A nation without newspapers? Never happen. Although we are told regularly by television personalities and read it in news magazines with some regularity that newspapers in the near future will no longer be a part of your life. We suspect there is a certain taint of glee in these predictions as they come from sources that have little or no knowledge of the newspaper business or are simply competitors.
Admittedly these are tough times for everyone, not just newspapers, so while some newspapers might fold or merge, so will a lot of banks, auto dealerships, grocery stores and other marginal businesses. Even Starbucks is closing some outlets as people are figuring out that rather than pay $4 for a cup of coffee they can get one at a local café for $1.50 with refills.
But the thought of a country without newspapers is a truly disturbing thought. I was fortunate recently to visit Fidel Castro’s Cuba with a group of American newspaper people and that was some revolution he stirred up. If ignorance is bliss it explains why Cubans are so happy. Well, perhaps “happy” isn’t the word but in the cities we visited they seem to accept their lot in life.
Sadly, they must be the most uninformed people in the western hemisphere because they have no newspapers and there is no freedom of press, despite Castro’s promise to allow just that as soon as the revolution was won. Of course the first thing to go was the newspapers so Cubans have no idea of what is going on in the world around them.

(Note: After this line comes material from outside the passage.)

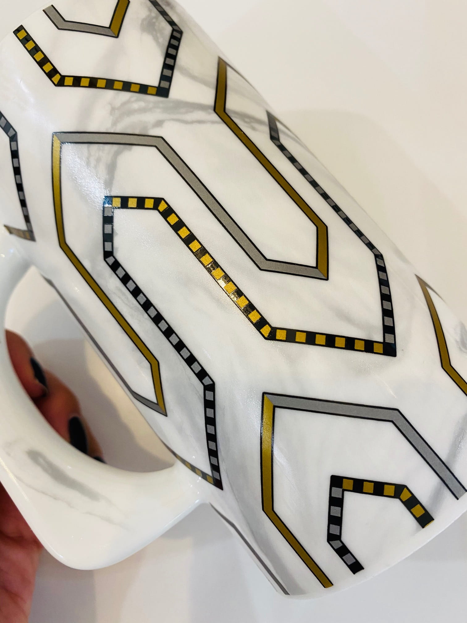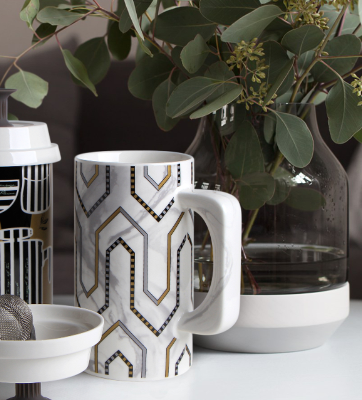 Ciekawy kształt w połączeniu z nadrukiem marmuru oraz złotych ornamentów w stylu Art Deco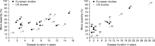 Verstappen SM, Bijlsma JW, Verkleij H, Buskens E, Blaauw AA, ter Borg EJ, Jacobs JW, Utrecht Rheumatoid Arthritis Cohort Study Group (2004) Overview of work disability in rheumatoid arthritis patients as observed in cross-sectional and longitudinal surveys. Arthritis Rheum 51:488–497

We found no newsstands because there are no real newspapers. No magazines, nothing that might give Cubans a hint of what life is like in other countries. In Santiago, a city of 200,000 people an 8-page tabloid publication is published once a week but it is little more than government propaganda.
There is a national newspaper called “Grama”, named for the boat Castro and his band of revolutionaries sailed in to cross from Mexico to Cuba and launch their eventually successful revolution. But again, it is nothing but propaganda. To print anything else would subject the newspaper to closure.
There are no billboards or signs advertising products or businesses, only pro-government information and promotion the continuing revolution.
One newspaper we attempted to visit declined, explaining that should it allow such a visit it “might get in trouble”. We assume “trouble” would come from the government.
The Santiago newspaper did allow us to visit and it proved interesting but I never figured out why it took all those people to publish and eight-page tabloid.
As I reflected on my impressions on Cuba and particularly the newspapers, I realized Fidel Castro early on learned the power of the press and used it. Once his revolutionary goals were realized, he started closing down newspapers that were critical of his changes and eventually he had a nation without newspapers. He had a nation of “blissfully ignorant” citizens who would lack the information necessary to challenge his government.
It seems to work for him. There were people everywhere. They seemed “content.” They were in the parks, playing chess or checkers, arguing baseball or just smoking and enjoying the sunshine. But no one was reading newspapers. No newspapers in the coffee shops or restaurants. No newspapers at the grocery stores.
Is that what the television commentators and some writers predict for the United States? What a bleak existence! The politicians would love it. Would readers of the Rio Grande SUN prefer not knowing when their tax dollars are misspent, embezzled, misappropriated or just “lost”? Or when someone in law enforcement crosses the line and is eventually charged with police brutality? Or when their community is finally going to get a new post office?
A book I read recently told in great detail the critical role the American newspapers, all of them weeklies, played in the American revolution in which not one person but a number of men stepped up and won our independence. Rather than establishing a dictatorship in the style of Castro, with the support of the newspapers they established a true democracy which, battered and ill-used, it survives today. It made me proud of my profession. No one can accurately predict the future but I predict we’ll always have newspapers; good ones and bad ones and some great ones. Rather than “blissfully ignorant,” I prefer to be “cranky and enlightened.”